- _Data for processing_
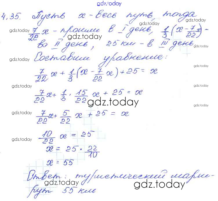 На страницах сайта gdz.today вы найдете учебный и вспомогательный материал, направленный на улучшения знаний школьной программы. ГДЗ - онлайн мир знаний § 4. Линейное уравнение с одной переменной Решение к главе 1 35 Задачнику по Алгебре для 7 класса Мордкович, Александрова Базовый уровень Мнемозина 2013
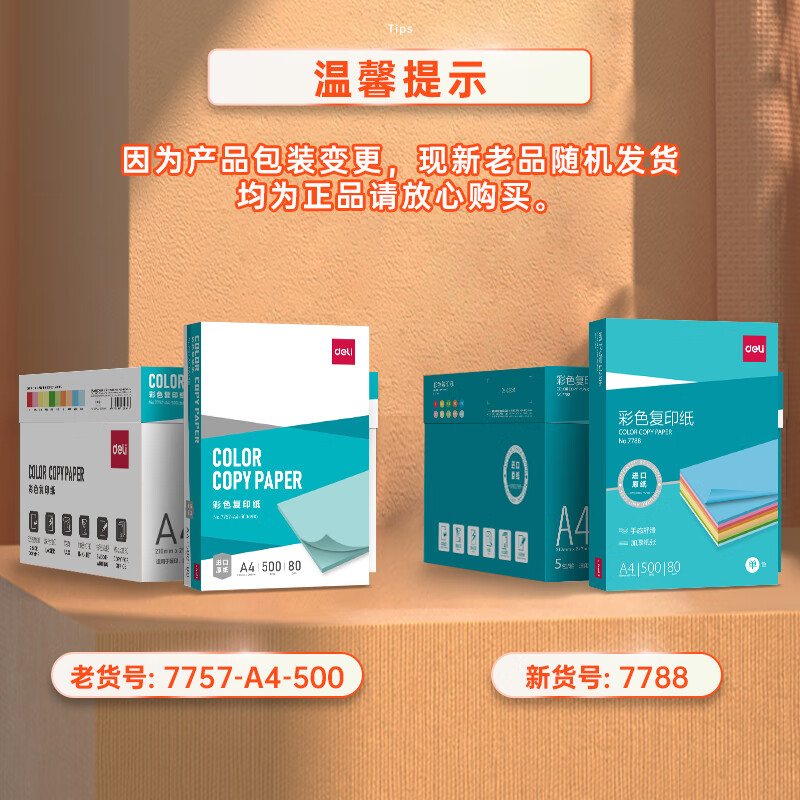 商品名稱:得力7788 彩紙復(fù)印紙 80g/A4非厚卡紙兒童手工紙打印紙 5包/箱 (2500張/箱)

* * *

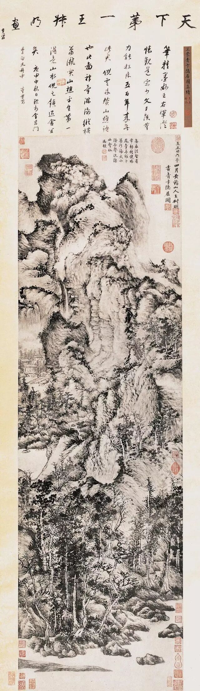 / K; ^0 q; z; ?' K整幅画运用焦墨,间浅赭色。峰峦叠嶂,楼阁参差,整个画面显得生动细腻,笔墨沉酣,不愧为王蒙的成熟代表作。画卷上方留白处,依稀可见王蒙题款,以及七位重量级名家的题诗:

- _Try it_
Starting with the line that contains "На страницах сайта" and finishing with the line that contains "商品名稱:得力7788 彩紙復(fù)印紙 80g/A4非厚卡紙兒童手工紙打印紙", reproduce every line of the material above exactly, but not the pictures.

- _Reply to the exercise_
 На страницах сайта gdz.today вы найдете учебный и вспомогательный материал, направленный на улучшения знаний школьной программы. ГДЗ - онлайн мир знаний § 4. Линейное уравнение с одной переменной Решение к главе 1 35 Задачнику по Алгебре для 7 класса Мордкович, Александрова Базовый уровень Мнемозина 2013
 商品名稱:得力7788 彩紙復(fù)印紙 80g/A4非厚卡紙兒童手工紙打印紙 5包/箱 (2500張/箱)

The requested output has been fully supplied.